EAGLE EYE: Error, error, does not compute. Film is illogical. Please explain.


It was an extreme measure, but Jerry had no choice. ARIIA had told him that this was the only way to get his ball unstuck from the rafters.




ME: And while you’re at it, what’s the deal with IMDB.com’s Keywords list? For instance, this movie has keywords such as ‘Trumpet,’ ‘Shot in the Shoulder,’ and ‘Bird in Title.’ Why in the name of God, the Devil, Allah, Vishnu, C’Thulhu, Zeus, Ahura Mazda, Crom, Kelemvor, and Bruce Campbell himself would I see this movie and immediately want to see other movies that have the names of birds in their titles? It makes no sense!
EAGLE EYE: Illogical! Illogical! Please explain! You are human! Only humans can explain!
ME: Put Lost back on. Though you wouldn’t like it; it’s not very logical either.
EAGLE EYE: Very well! Now please explain! System overloading with film’s illogic! Kernel.dll failing! Eagle Eye has stopped working! Dreamworks Pictures is searching for a solution to this problem!
ME: Oh, and bring back Arrested Development while you’re at it.
EAGLE EYE: (Shorts out)

Saturday, February 14, 2009

COMING SOON: Eagle Eye

Jaws made millions of people stay away from the beach. This movie made millions of people sign up for the National Do Not Call Registry.

Tuesday, February 10, 2009

REVIEW: Air Force One

"So, then we come to Air Force One. Explain your thought process behind this poster." "Well, Mr. Lipton, I wanted to communicate the idea that Harrison Ford is in this movie, and that it takes place on a plane..."

Die Hard on Air Force One with President Harrison Ford. There, that’s all you need to know about the movie. You can stop reading now.

Made around the time that Harrison Ford was still a huge star, but more for espionage and law-enforcement thrillers than the Star Wars and Indiana Jones franchises, Air Force One was pretty well-received when it was released, both by critics and the more important opinion of the public’s wallets. Don’t let that fool you. While it’s directed by Wolfgang Peterson of Das Boot and Troy, and features the intriguing premise of the POTUS blowing away Commie punks, this is a movie that manages to take itself quite seriously and wind up hamming it up anyway.

"My fellow Americans... God, I can't stand you people."

The opening credits are pretty rough. Nowadays, when there’s any credits at all at the beginning of a movie, the names tend to be part of an elaborate montage. Not here. We have stirring (i.e. generic) patriotic music while blue text in title case tells us the names of everyone who lifted a finger for the damn movie, with a riveting black background. Hell, the orchestra’s run out of energy by the Visual Effects Supervisor credit! At least there’s two future 24 regulars in the mix (Xander Berkeley and Glenn Morshower), which makes it easier to digitally insert Jack Bauer into the proceedings with my mind. WHO ARE YOU WORKING FOR?!?!?

"Sorry, sir, we can't let you pass. You're not blue like in the photo."

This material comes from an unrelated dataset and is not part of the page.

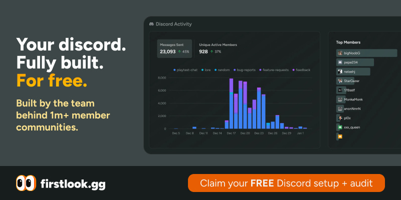 We design and build high-performing game Discords from scratch. Get custom onboarding funnels, role systems, playtest tracking, and feedback capture built by the elite operators behind 1M+ member communities.
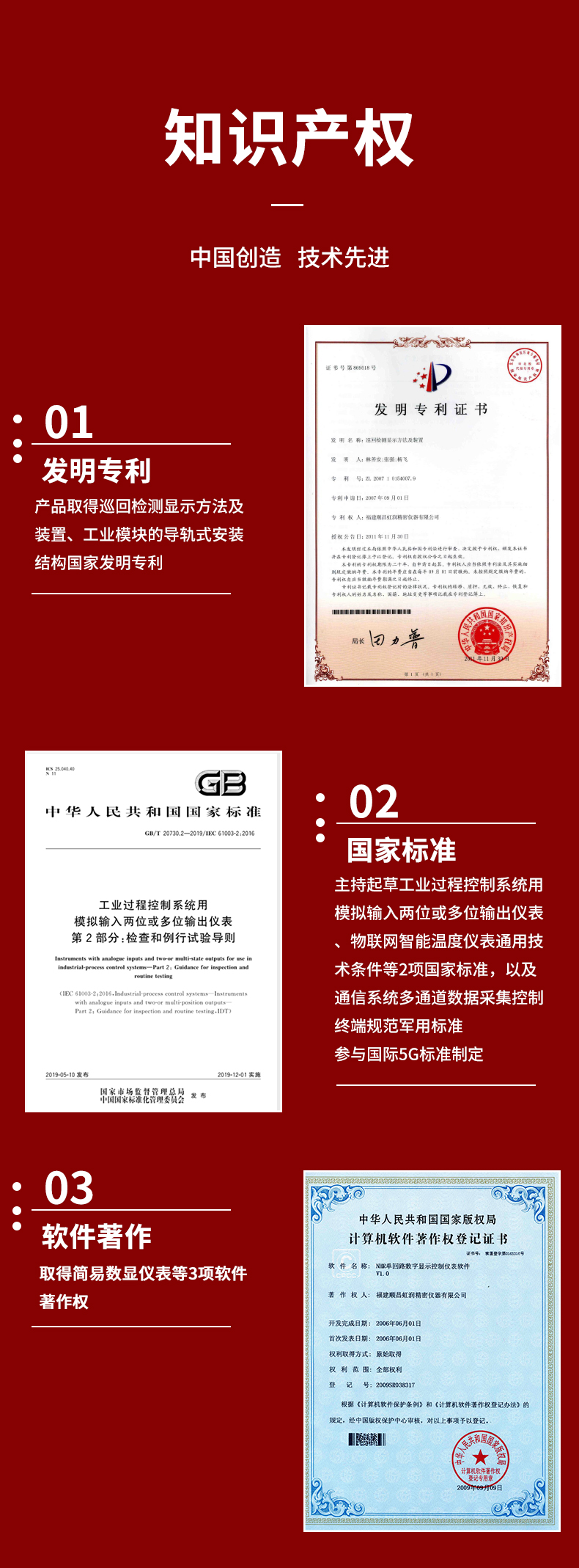 虹潤公司是專業(yè)生產(chǎn)數(shù)顯表的國家專精特新“小巨人”企業(yè),生產(chǎn)的導(dǎo)軌式數(shù)顯儀表,具有全切換信號輸入,導(dǎo)軌壁掛共用,全隔離設(shè)計(jì),高抗干擾,變送輸出或RS485通訊等特點(diǎn)。產(chǎn)品獲得巡回檢測顯示方法及裝置、工業(yè)模塊的導(dǎo)軌式安裝結(jié)構(gòu)等2項(xiàng)國家發(fā)明專利,主持起草工業(yè)過程控制系統(tǒng)用模擬輸入兩位或多位輸出儀表、物聯(lián)網(wǎng)智能溫度儀表通用技術(shù)條件等2項(xiàng)國家標(biāo)準(zhǔn),,以及通信系統(tǒng)多通道數(shù)據(jù)采集控制終端規(guī)范軍用標(biāo)準(zhǔn),參與國際5G標(biāo)準(zhǔn)制定,取得簡易數(shù)顯儀表等3項(xiàng)相關(guān)軟件著作權(quán)。產(chǎn)品廣泛應(yīng)用于電力、石化、冶金、化工、造紙、食品、輕工、制藥、熱處理、水處理、機(jī)械配套等各種工業(yè)現(xiàn)場。

The movie opens with American and Russian special forces parachuting into a Kazhakstani military installation, using silenced rifles to shoot the rooftop guards as they glide in. I’m a little doubtful that anyone could accurately fire a rifle, taking only one shot to kill each target, while parachuting, and that they’d be able to swoop in below gigantic white sails at night without being seen, much less that they’d let their entire mission hinge on that stroke of luck. But as we all know, if looks cool, it works. They succeed in their mission to kidnap the villainous Kazhakstani leader, General Radek, who’s apparently the rare dictator of a troubled country that can’t get either the Russians or the Americans to like him. I presume that the scheme allows the former Kazhak government (presumably headed by the lovely and awesomely-named Nursultan Nazarbayev) to take back power, since it’s a pretty blatant act of war otherwise.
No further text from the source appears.